04/15/2026 | Research, English

From bench to bedside

How basic research leads to medical progress

Before a new drug is available, it is subjected to a rigorous set of tests. This benefits us all because it means we can trust the safety and efficacy of new medicines. However, we could make the process faster and more efficient without compromising quality. Two researchers from the University of Cologne know how to turn good ideas into new solutions.

Anke Henrich

A healthy kidney is around ten centimetres long and weighs 100 grams. Cystic kidneys, as seen in polycystic kidney disease, can grow to over thirty centimetres and weigh more than 10 kilograms. If the overtaxed kidneys fail, it affects all the other organs in the human body. Many kidney patients, regardless of the cause of their kidney failure, end up aging prematurely and dying from cardiovascular diseases.

‘Cystic kidney disease is the most common genetic cause of loss of kidney function. In Germany alone, around 80,000 people suffer from this illness,’ says Professor Dr Roman-Ulrich Müller. Before recently relocating to Düsseldorf, Müller worked as professor of Translational Nephrology in Cologne until the end of 2025, and continues to serve as a principal investigator at the CECAD Cluster of Excellence for Aging Research. As spokesperson for the Centre for Rare and Hereditary Kidney Diseases, he not only researches the causes of the disease and its progression, but also conducts clinical trials at University Hospital Cologne to develop therapies for affected patients. His conclusion: ”Research into new drugs must be translated into therapies much faster than before.”

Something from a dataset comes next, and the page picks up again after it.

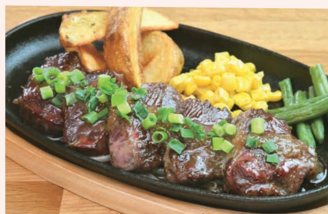
倍盛り牛サガリカットステーキ

Order No. 101 牛サガリカットステーキ(和風) 柔らかな肉質のサガリをカットして食べやすくしました。自家製和風ソースです。 ビジター ¥1,600 メンバーズ ¥1,280

A science news video in which Roman-Ulrich Müller explains the benefits of a ketogenic diet for polycystic kidney disease

At the CECAD Cluster of Excellence, many of the research groups are not only concerned with finding the causes of aging. They also want to translate key findings from basic medical and biological research into clinical practice. CECAD has set up its own translational infrastructure for this purpose. Translational medicine is the transfer of the latest scientific findings from the laboratory to the patient: ‘from bench to bedside’, as the medical profession calls it.

The kidney specialist Roman-Ulrich Müller believes that pharmaceutical companies have a duty to provide greater support for university research.

Professor Dr Oliver Cornely is director of Translational Research at CECAD and scientific director of the Clinical Trials Centre at the University Hospital. The expert in fungal diseases not only supports other researchers there. His own trials also benefit from the interdisciplinary campus concept. “With our data, my team and I enabled the approval of the drug isavuconazole for mucormycosis, a rapidly progressing fungal infection for which no medication has ever been approved before,’ says Cornely.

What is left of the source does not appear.